Assignment »
Copying rule for the data below: pictures stay out, and only the lines from the one with "This SAE Aerospace" down to the one with "One of the innovations", inclusive, are repeated exactly.

Extracted records »
==============================

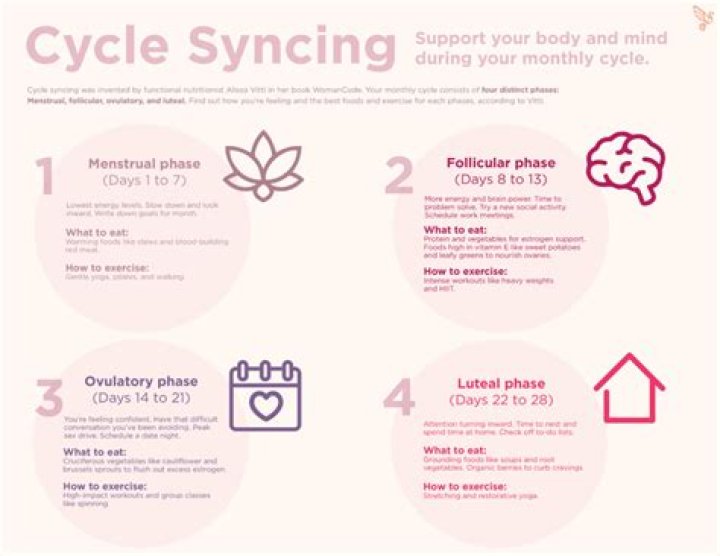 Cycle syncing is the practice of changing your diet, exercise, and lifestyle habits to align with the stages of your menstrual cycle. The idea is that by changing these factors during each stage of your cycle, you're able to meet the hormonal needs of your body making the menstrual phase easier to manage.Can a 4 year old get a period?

==============================

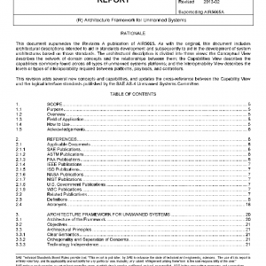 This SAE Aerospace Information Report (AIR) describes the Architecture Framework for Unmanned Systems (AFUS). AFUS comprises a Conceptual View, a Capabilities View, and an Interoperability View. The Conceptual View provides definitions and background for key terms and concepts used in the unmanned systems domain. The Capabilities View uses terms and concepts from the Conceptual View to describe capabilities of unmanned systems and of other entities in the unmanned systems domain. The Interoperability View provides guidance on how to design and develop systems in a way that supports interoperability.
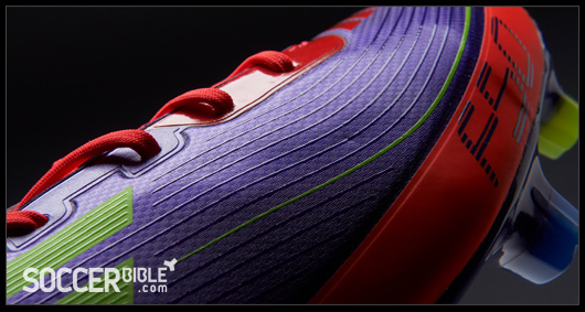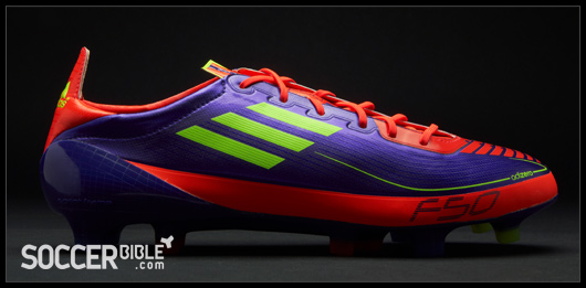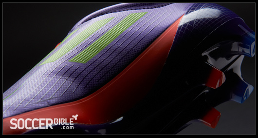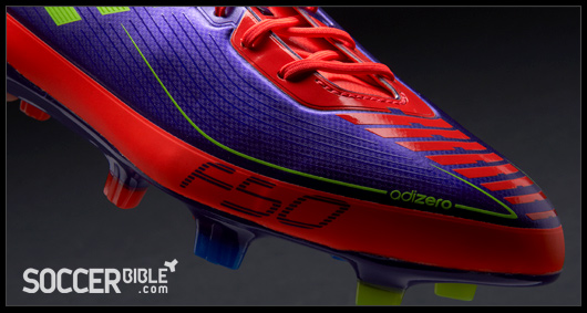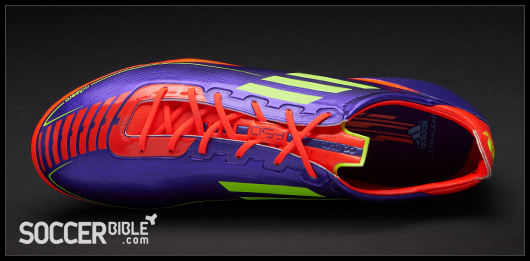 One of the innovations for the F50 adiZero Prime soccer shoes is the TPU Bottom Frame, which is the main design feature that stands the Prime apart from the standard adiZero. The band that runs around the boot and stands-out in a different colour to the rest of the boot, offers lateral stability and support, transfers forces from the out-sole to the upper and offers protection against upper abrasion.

==============================

Exercise response »
 This SAE Aerospace Information Report (AIR) describes the Architecture Framework for Unmanned Systems (AFUS). AFUS comprises a Conceptual View, a Capabilities View, and an Interoperability View. The Conceptual View provides definitions and background for key terms and concepts used in the unmanned systems domain. The Capabilities View uses terms and concepts from the Conceptual View to describe capabilities of unmanned systems and of other entities in the unmanned systems domain. The Interoperability View provides guidance on how to design and develop systems in a way that supports interoperability.
 One of the innovations for the F50 adiZero Prime soccer shoes is the TPU Bottom Frame, which is the main design feature that stands the Prime apart from the standard adiZero. The band that runs around the boot and stands-out in a different colour to the rest of the boot, offers lateral stability and support, transfers forces from the out-sole to the upper and offers protection against upper abrasion.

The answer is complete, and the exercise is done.